Dataset content Block Start
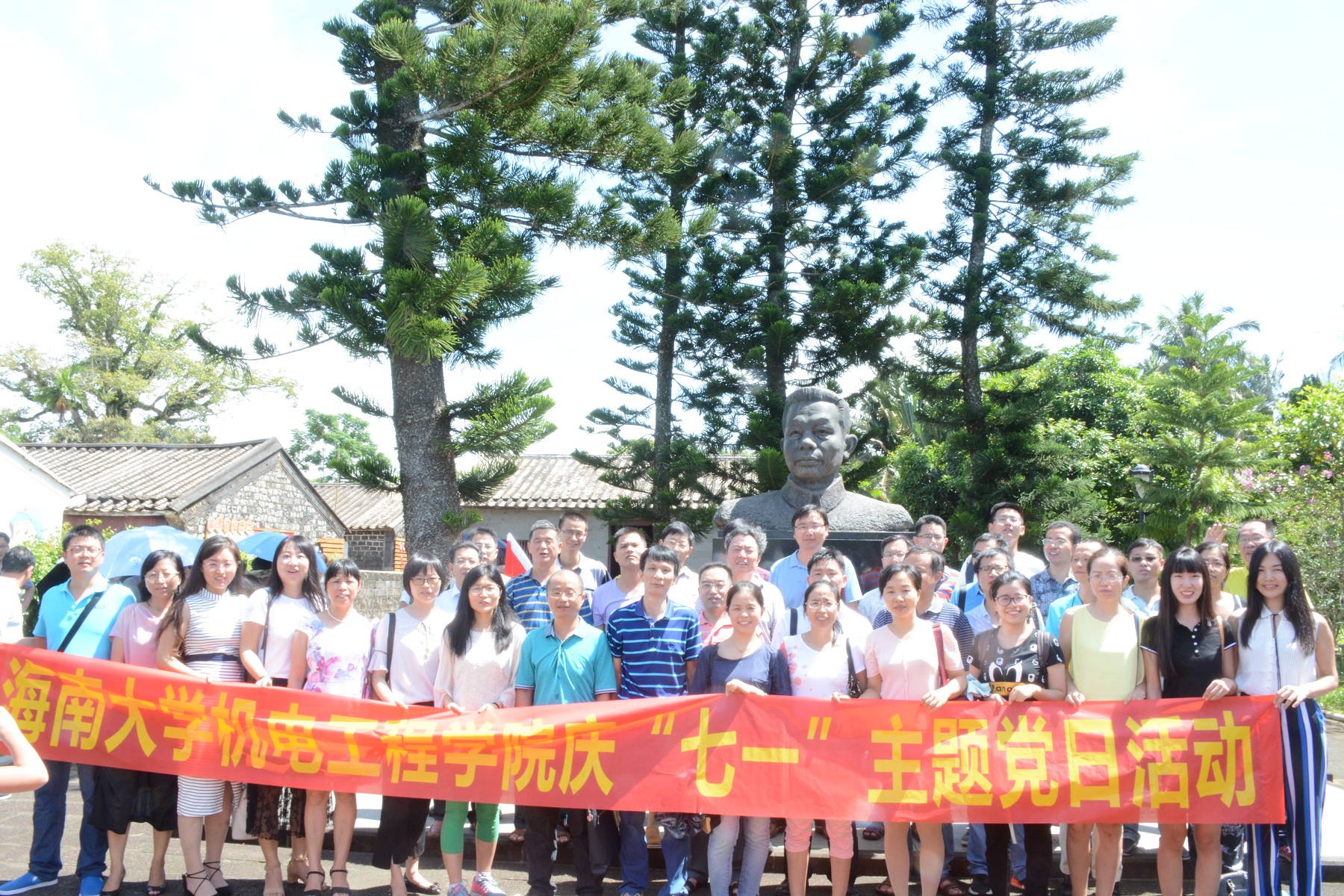 为了迎接党的96生日,深入贯彻“两学一做”学习教育常态化制度化,7月1日,必赢线路检测3003no1党委开展党日实践学习活动。在学院党委书记黄国标、副院长唐荣年、陈振斌、副书记李宏的带领下,全体教师党员40余人前往冯白驹故居、琼崖红军云龙改编旧址参观学习,进行现场爱国主义和理想信念教育。
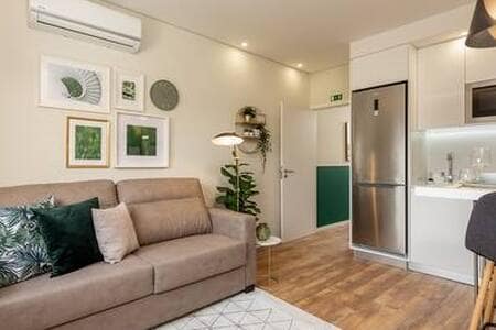 Porto Prime Suites oferece conforto e conveniência, a apenas 5 minutos a pé do Metro do São João. Localizadas no rés-do-chão de um prédio, as suítes são modernas, com decoração clean e todas as comodidades: camas grandes, ar condicionado, casa de banho privativa e kitchenette equipada. O check-in é automático, garantindo flexibilidade, e há estacionamento gratuito na rua. Ideal para relaxar e explorar a região com total conforto.
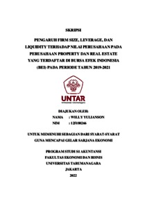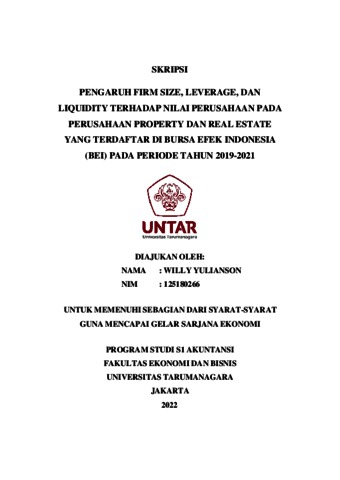 Yulianson, Willy (2022) PENGARUH FIRM SIZE, LEVERAGE, DAN LIQUIDITY TERHADAP NILAI PERUSAHAAN PADA PERUSAHAAN PROPERTY DAN REAL ESTATE YANG TERDAFTAR DI BURSA EFEK INDONESIA (BEI) PADA PERIODE TAHUN 2019-2021. Skripsi thesis, Universitas Tarumanagara.
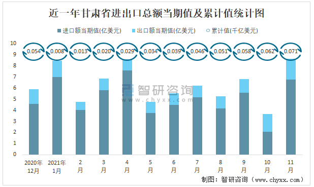 近一年甘肅省進出口總額當期值及累計值統計圖
Dataset content Block End
◆ **Aim of the exercise**: The reply has to reproduce every line above verbatim and contain no pictures.

◆ **Result**:
 为了迎接党的96生日,深入贯彻“两学一做”学习教育常态化制度化,7月1日,必赢线路检测3003no1党委开展党日实践学习活动。在学院党委书记黄国标、副院长唐荣年、陈振斌、副书记李宏的带领下,全体教师党员40余人前往冯白驹故居、琼崖红军云龙改编旧址参观学习,进行现场爱国主义和理想信念教育。
 Porto Prime Suites oferece conforto e conveniência, a apenas 5 minutos a pé do Metro do São João. Localizadas no rés-do-chão de um prédio, as suítes são modernas, com decoração clean e todas as comodidades: camas grandes, ar condicionado, casa de banho privativa e kitchenette equipada. O check-in é automático, garantindo flexibilidade, e há estacionamento gratuito na rua. Ideal para relaxar e explorar a região com total conforto.
 Yulianson, Willy (2022) PENGARUH FIRM SIZE, LEVERAGE, DAN LIQUIDITY TERHADAP NILAI PERUSAHAAN PADA PERUSAHAAN PROPERTY DAN REAL ESTATE YANG TERDAFTAR DI BURSA EFEK INDONESIA (BEI) PADA PERIODE TAHUN 2019-2021. Skripsi thesis, Universitas Tarumanagara.
 近一年甘肅省進出口總額當期值及累計值統計圖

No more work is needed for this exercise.